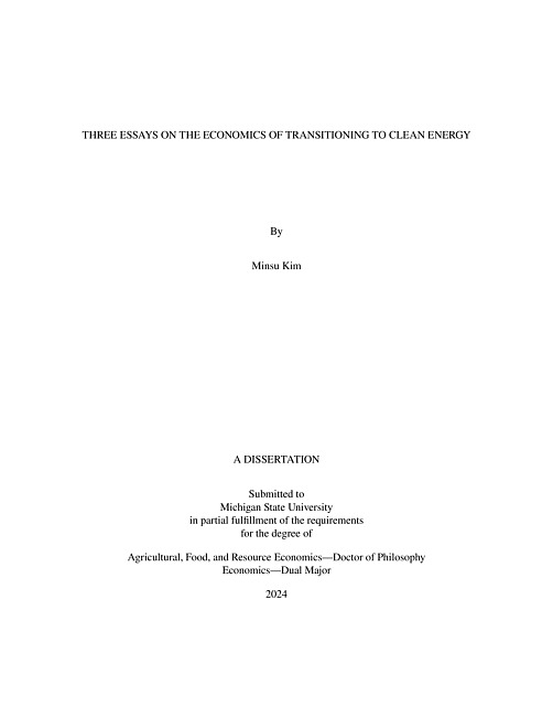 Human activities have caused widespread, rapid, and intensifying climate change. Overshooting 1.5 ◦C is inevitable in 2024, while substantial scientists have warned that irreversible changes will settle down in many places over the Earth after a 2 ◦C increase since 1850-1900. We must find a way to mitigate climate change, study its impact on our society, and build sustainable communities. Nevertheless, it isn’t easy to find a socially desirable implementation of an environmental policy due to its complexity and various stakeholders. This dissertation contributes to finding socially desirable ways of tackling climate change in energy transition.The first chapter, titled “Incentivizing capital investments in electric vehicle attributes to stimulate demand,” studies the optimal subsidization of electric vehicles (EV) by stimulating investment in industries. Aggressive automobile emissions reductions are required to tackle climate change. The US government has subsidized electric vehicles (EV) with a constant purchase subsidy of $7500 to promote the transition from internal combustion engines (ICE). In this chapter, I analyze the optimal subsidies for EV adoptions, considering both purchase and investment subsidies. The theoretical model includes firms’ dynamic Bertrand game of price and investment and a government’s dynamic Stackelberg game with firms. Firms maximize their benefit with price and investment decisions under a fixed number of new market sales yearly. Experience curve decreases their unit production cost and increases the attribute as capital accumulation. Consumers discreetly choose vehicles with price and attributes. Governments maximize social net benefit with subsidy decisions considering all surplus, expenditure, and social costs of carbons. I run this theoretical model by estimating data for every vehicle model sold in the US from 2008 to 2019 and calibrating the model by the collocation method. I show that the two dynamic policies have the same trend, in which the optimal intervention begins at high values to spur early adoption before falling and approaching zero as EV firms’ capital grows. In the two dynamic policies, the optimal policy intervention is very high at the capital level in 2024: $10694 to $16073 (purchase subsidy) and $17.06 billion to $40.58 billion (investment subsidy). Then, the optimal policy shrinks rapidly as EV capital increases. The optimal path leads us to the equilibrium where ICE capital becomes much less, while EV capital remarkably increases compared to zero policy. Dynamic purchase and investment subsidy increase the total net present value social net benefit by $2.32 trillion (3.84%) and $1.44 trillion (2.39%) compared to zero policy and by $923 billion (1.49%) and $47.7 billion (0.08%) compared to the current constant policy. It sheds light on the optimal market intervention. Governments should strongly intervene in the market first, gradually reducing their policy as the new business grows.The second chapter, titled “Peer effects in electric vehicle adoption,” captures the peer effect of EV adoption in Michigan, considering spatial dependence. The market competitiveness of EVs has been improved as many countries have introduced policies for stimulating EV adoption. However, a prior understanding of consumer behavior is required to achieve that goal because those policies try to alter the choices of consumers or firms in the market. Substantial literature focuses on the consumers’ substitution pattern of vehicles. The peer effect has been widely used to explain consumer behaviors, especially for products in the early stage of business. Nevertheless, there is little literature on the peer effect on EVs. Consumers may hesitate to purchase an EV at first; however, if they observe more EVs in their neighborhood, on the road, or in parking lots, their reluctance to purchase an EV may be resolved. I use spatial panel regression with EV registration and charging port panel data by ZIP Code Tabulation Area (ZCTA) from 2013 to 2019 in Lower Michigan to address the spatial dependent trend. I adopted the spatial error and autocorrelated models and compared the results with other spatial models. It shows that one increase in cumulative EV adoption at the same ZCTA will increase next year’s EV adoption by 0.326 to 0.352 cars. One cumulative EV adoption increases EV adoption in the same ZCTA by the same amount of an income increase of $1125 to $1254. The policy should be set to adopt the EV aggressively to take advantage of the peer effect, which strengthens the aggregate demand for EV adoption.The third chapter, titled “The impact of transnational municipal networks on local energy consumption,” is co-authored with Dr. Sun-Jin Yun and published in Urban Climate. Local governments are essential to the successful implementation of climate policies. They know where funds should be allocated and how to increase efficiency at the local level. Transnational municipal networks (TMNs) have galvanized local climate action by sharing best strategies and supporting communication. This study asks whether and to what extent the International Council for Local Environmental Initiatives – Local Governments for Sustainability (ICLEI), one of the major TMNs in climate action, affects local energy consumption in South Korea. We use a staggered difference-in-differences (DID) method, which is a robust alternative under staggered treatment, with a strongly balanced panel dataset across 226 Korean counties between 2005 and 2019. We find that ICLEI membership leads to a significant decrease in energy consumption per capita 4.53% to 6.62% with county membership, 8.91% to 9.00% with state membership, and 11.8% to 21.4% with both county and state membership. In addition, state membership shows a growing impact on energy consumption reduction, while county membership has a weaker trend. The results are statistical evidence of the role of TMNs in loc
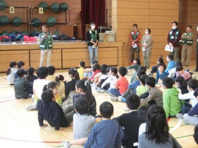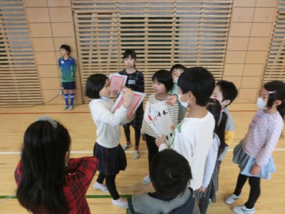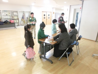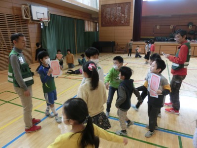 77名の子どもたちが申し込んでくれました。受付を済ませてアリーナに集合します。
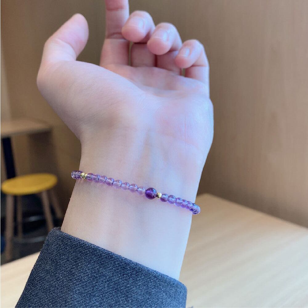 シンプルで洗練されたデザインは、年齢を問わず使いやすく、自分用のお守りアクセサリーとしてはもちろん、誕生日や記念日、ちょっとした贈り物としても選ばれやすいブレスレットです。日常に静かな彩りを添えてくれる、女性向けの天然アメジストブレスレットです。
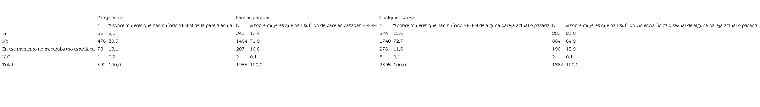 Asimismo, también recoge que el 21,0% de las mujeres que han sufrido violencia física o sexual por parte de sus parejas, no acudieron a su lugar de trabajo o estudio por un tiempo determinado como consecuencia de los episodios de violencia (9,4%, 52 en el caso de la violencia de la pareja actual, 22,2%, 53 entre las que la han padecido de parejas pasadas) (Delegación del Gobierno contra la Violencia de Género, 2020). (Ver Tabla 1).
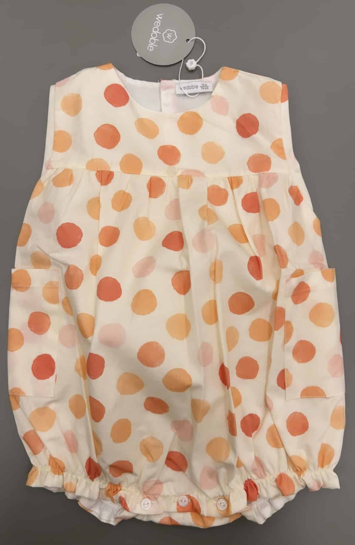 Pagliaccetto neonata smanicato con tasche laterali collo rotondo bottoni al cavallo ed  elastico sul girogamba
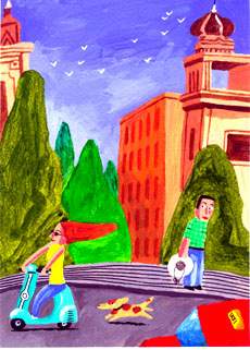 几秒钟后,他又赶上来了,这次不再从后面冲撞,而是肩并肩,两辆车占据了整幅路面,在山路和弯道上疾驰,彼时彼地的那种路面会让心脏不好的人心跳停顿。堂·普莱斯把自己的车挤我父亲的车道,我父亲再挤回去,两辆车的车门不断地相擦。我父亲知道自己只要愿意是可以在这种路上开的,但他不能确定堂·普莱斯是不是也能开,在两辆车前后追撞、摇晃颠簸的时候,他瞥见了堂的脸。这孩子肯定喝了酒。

▸ **Required work**
Everything in the listing above, apart from its pictures, must be repeated exactly.

▸ **Result for this task**
 Human activities have caused widespread, rapid, and intensifying climate change. Overshooting 1.5 ◦C is inevitable in 2024, while substantial scientists have warned that irreversible changes will settle down in many places over the Earth after a 2 ◦C increase since 1850-1900. We must find a way to mitigate climate change, study its impact on our society, and build sustainable communities. Nevertheless, it isn’t easy to find a socially desirable implementation of an environmental policy due to its complexity and various stakeholders. This dissertation contributes to finding socially desirable ways of tackling climate change in energy transition.The first chapter, titled “Incentivizing capital investments in electric vehicle attributes to stimulate demand,” studies the optimal subsidization of electric vehicles (EV) by stimulating investment in industries. Aggressive automobile emissions reductions are required to tackle climate change. The US government has subsidized electric vehicles (EV) with a constant purchase subsidy of $7500 to promote the transition from internal combustion engines (ICE). In this chapter, I analyze the optimal subsidies for EV adoptions, considering both purchase and investment subsidies. The theoretical model includes firms’ dynamic Bertrand game of price and investment and a government’s dynamic Stackelberg game with firms. Firms maximize their benefit with price and investment decisions under a fixed number of new market sales yearly. Experience curve decreases their unit production cost and increases the attribute as capital accumulation. Consumers discreetly choose vehicles with price and attributes. Governments maximize social net benefit with subsidy decisions considering all surplus, expenditure, and social costs of carbons. I run this theoretical model by estimating data for every vehicle model sold in the US from 2008 to 2019 and calibrating the model by the collocation method. I show that the two dynamic policies have the same trend, in which the optimal intervention begins at high values to spur early adoption before falling and approaching zero as EV firms’ capital grows. In the two dynamic policies, the optimal policy intervention is very high at the capital level in 2024: $10694 to $16073 (purchase subsidy) and $17.06 billion to $40.58 billion (investment subsidy). Then, the optimal policy shrinks rapidly as EV capital increases. The optimal path leads us to the equilibrium where ICE capital becomes much less, while EV capital remarkably increases compared to zero policy. Dynamic purchase and investment subsidy increase the total net present value social net benefit by $2.32 trillion (3.84%) and $1.44 trillion (2.39%) compared to zero policy and by $923 billion (1.49%) and $47.7 billion (0.08%) compared to the current constant policy. It sheds light on the optimal market intervention. Governments should strongly intervene in the market first, gradually reducing their policy as the new business grows.The second chapter, titled “Peer effects in electric vehicle adoption,” captures the peer effect of EV adoption in Michigan, considering spatial dependence. The market competitiveness of EVs has been improved as many countries have introduced policies for stimulating EV adoption. However, a prior understanding of consumer behavior is required to achieve that goal because those policies try to alter the choices of consumers or firms in the market. Substantial literature focuses on the consumers’ substitution pattern of vehicles. The peer effect has been widely used to explain consumer behaviors, especially for products in the early stage of business. Nevertheless, there is little literature on the peer effect on EVs. Consumers may hesitate to purchase an EV at first; however, if they observe more EVs in their neighborhood, on the road, or in parking lots, their reluctance to purchase an EV may be resolved. I use spatial panel regression with EV registration and charging port panel data by ZIP Code Tabulation Area (ZCTA) from 2013 to 2019 in Lower Michigan to address the spatial dependent trend. I adopted the spatial error and autocorrelated models and compared the results with other spatial models. It shows that one increase in cumulative EV adoption at the same ZCTA will increase next year’s EV adoption by 0.326 to 0.352 cars. One cumulative EV adoption increases EV adoption in the same ZCTA by the same amount of an income increase of $1125 to $1254. The policy should be set to adopt the EV aggressively to take advantage of the peer effect, which strengthens the aggregate demand for EV adoption.The third chapter, titled “The impact of transnational municipal networks on local energy consumption,” is co-authored with Dr. Sun-Jin Yun and published in Urban Climate. Local governments are essential to the successful implementation of climate policies. They know where funds should be allocated and how to increase efficiency at the local level. Transnational municipal networks (TMNs) have galvanized local climate action by sharing best strategies and supporting communication. This study asks whether and to what extent the International Council for Local Environmental Initiatives – Local Governments for Sustainability (ICLEI), one of the major TMNs in climate action, affects local energy consumption in South Korea. We use a staggered difference-in-differences (DID) method, which is a robust alternative under staggered treatment, with a strongly balanced panel dataset across 226 Korean counties between 2005 and 2019. We find that ICLEI membership leads to a significant decrease in energy consumption per capita 4.53% to 6.62% with county membership, 8.91% to 9.00% with state membership, and 11.8% to 21.4% with both county and state membership. In addition, state membership shows a growing impact on energy consumption reduction, while county membership has a weaker trend. The results are statistical evidence of the role of TMNs in loc
 77名の子どもたちが申し込んでくれました。受付を済ませてアリーナに集合します。
 シンプルで洗練されたデザインは、年齢を問わず使いやすく、自分用のお守りアクセサリーとしてはもちろん、誕生日や記念日、ちょっとした贈り物としても選ばれやすいブレスレットです。日常に静かな彩りを添えてくれる、女性向けの天然アメジストブレスレットです。
 Asimismo, también recoge que el 21,0% de las mujeres que han sufrido violencia física o sexual por parte de sus parejas, no acudieron a su lugar de trabajo o estudio por un tiempo determinado como consecuencia de los episodios de violencia (9,4%, 52 en el caso de la violencia de la pareja actual, 22,2%, 53 entre las que la han padecido de parejas pasadas) (Delegación del Gobierno contra la Violencia de Género, 2020). (Ver Tabla 1).
 Pagliaccetto neonata smanicato con tasche laterali collo rotondo bottoni al cavallo ed  elastico sul girogamba
 几秒钟后,他又赶上来了,这次不再从后面冲撞,而是肩并肩,两辆车占据了整幅路面,在山路和弯道上疾驰,彼时彼地的那种路面会让心脏不好的人心跳停顿。堂·普莱斯把自己的车挤我父亲的车道,我父亲再挤回去,两辆车的车门不断地相擦。我父亲知道自己只要愿意是可以在这种路上开的,但他不能确定堂·普莱斯是不是也能开,在两辆车前后追撞、摇晃颠簸的时候,他瞥见了堂的脸。这孩子肯定喝了酒。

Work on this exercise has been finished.